According to the 2012 Economic Impact of Aviation in Arizona report, general aviation in Arizona generates an estimated $609 million in economic activity and supports $261 million in wages and benefits annually.
According to the FAA, Arizona has 78 public-use airports, which serve 22,786 pilots and 7,634 registered aircraft.
According to the 2012 Economic Impact of Aviation in Arizona report, general aviation supports 6,890 jobs in Arizona and sustains a payroll of $261 million annually.
According to the same report, general aviation supports $609 million in economic activity in Arizona annually.
According to FAA data, Arizona is home to 150 repair stations, 21 FAA-approved flight schools, 6,282 student pilots and 4,510 flight instructors. In addition, there are 64 fixed-base operators in the state, according to the AC-U-KWIK directory. According to Helicopter Association International, there are 147 heliports in Arizona.
According to the University Aviation Association, flight departments in Arizona include Arizona State University in Mesa, Cochise Community College in Douglas, and Embry-Riddle Aeronautical University in Prescott.

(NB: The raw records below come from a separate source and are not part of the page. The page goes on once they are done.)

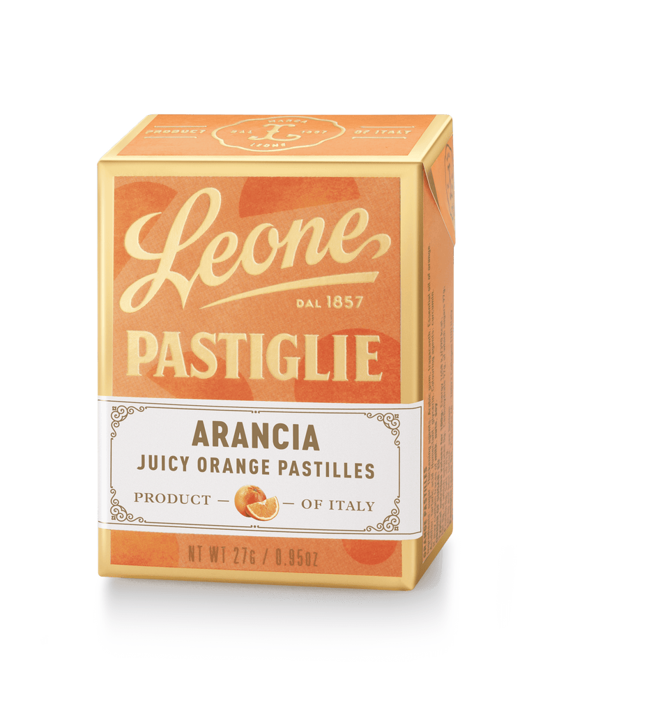 Pastiglie Leone's Candy Originals are the Company's oldest and most distinctive confectionery product. These small delights are the result of a careful choice of essences, extracts and herbs to enhance the fragrance and scent of the various different flavors. Their pleasant pastel shades (made from natural ingredients) make this product alluring to the eye as well as to the palate. Ingredients: Sugar, Arabic gum, tragacanth, orange juice, natural flavors, tartaric acid, and cochineal extract.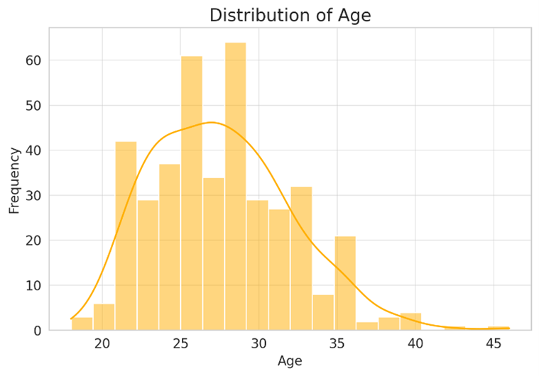 The age distribution of championship players is slightly right skewed, indicating that teams tend to lean toward experienced players while still incorporating younger talent. The majority of Stanley Cup winners fall within their prime playing years, typically in the mid-to-late 20s, where players have developed both the physical and mental aspects of their game. The peak of the distribution around ages 26 to 30 suggests that teams rely on players who have reached a balance between skill development, physical conditioning, and game experience.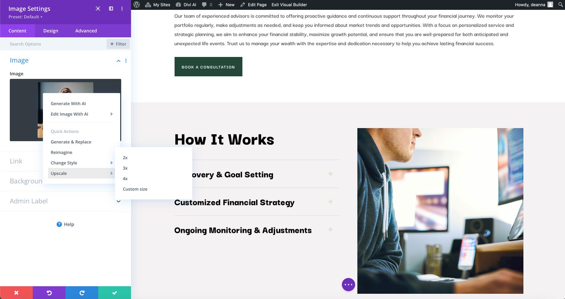 Divi Image AI lässt sich mühelos in jedes Divi-Modul integrieren, das Bilder anzeigt, sei es auf einer Seite oder in einem Beitrag. Mit integrierten Schnellaktionen für Stilanpassungen, Bildskalierung und andere Verbesserungen können Sie Ihre Bilder ganz einfach verfeinern.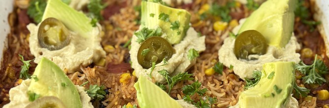 1 Packet of Taco Seasoning ( or make your own - see note)2 C Water1 Tin of chop Tomatoes or x5 Ripe Tomatos 1 C Rice 1 Tin Black Beans (drain) 1 C Corn Kernels Fresh or Frozen 1 Big Red Capsicum (Chop)Into a casserole dish add your liquids. Mix in y...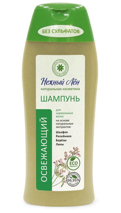 Шампунь Освежающий для нормальных волос очищает волосы и кожу головы, питает, тонизирует и освежает их. Благотворно влияет на структуру волос, делает их мягкими и шелковистыми. Шампунь Освежающий для нормальных волос содержит только естественные природные компоненты. Так, например, экстракты шалфея и березы укрепляют волосы и предотвращают их потерю. Улучшают циркуляцию крови и стимулируют рост волос. Репейное масло используется для укрепления и их роста. Экстракты цветков липы и овса делают ее более восприимчивой ко всем активным компонентам, возвращают волосам естественный блеск. Льняное масло устраняет перхоть, питает, увлажняет кожу головы и волосы. Возвращает им естественную красоту. Протеины пшеницы образует пленку, которая хорошо увлажняет их, препятствует излишнему испарению влаги и помогает снижать статическое электричество. Кислоты делают волосы сильнее. Стягивают расширенные поры, и избавляют волосы от чрезмерной жирности.

Arizona is also home to many general aviation manufacturing companies including Honeywell Aerospace and Universal Avionics.

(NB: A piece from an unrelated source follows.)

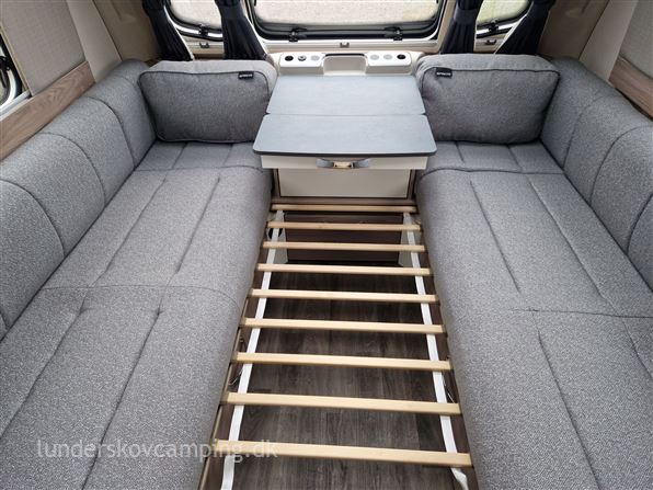 En af de mest solgte indretninger fra Sprite gennem årene. Med 10 års tæthedssikring. Super godt isoleret, karosseri uden trærammer i Smart ++ system .Endekøkken + toiletrum i bag, lange sæder (enkeltsenge) med springindlæg og lamelbund i forenden. Prisen er incl. leveringsomkostninger og nummerplade. Kontrolleret vægt 978 kg.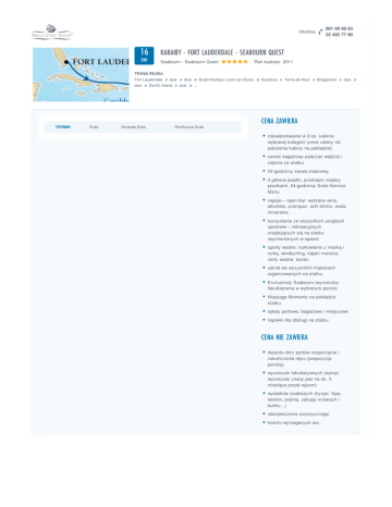 801 08 08 03 22 492 77 90 Infolinia 16 KARAIBY - FORT LAUDERDALE - SEABOURN QUEST DNI Seabourn - Seabourn Quest | Rok budowy: 2011 TRASA REJSU: Fort Lauderdale dzie TERMIN Suite Veranda Suite dzie Devil's Island dzie dzie Great Harbour (Jost van Dyke) Gustavia Terre-de-Haut Bridgetown dzie ... Penthouse Suite CENA ZAWIERA zakwaterowanie w 2-os. kabinie wybranej kategorii (cena zależy od położenia kabiny na pokładzie) serwis bagażowy podczas wejścia i zejścia ze statku 24-godzinny serwis kabinowy 3 główne posiłki, przekąski między posiłkami, 24-godzinny Suite Service Menu napoje – open bar: wybrane wina, alkohole, szampan, soft drinks, woda mineralna korzystanie ze wszystkich urządzeń sportowo – rekreacyjnych znajdujących się na statku (wymienionych w opisie) sporty wodne: nurkowanie z maską i rurką, windsurfing, kajaki morskie, narty wodne, banan udział we wszystkich imprezach organizowanych na statku Exclusively Seabourn (wycieczka fakultatywna w wybranym porcie) Massage Moments na pokładzie statku opłaty portowe, bagażowe i miejscowe napiwki dla obsługi na statku. CENA NIE ZAWIERA dojazdu do/z portów rozpoczęcia i zakończenia rejsu (propozycja poniżej) wycieczek fakultatywnych (wykaz wycieczek znany jest na ok. 3 miesiące przed rejsem) wydatków osobistych (fryzjer, Spa, telefon, pralnia, zakupy w barach i butiku...) ubezpieczenia turystycznego kosztu wymaganych wiz.

"Congress must act to advance small airports and general aviation, as this infrastructure is critical to rural communities and Arizona’s agricultural industry. This means not only ensuring that we continue to support funding for these operators and airports but that we invest in the future workforce of aviation personnel and critical areas such as sustainable fuel and new and emerging technologies.
North America will need 208,000 new pilots over the next 20 years, according to Boeing. These small aircraft and airports may not be as well-known as our large commercial airports, but they are critical to our economy, food supply and way of life."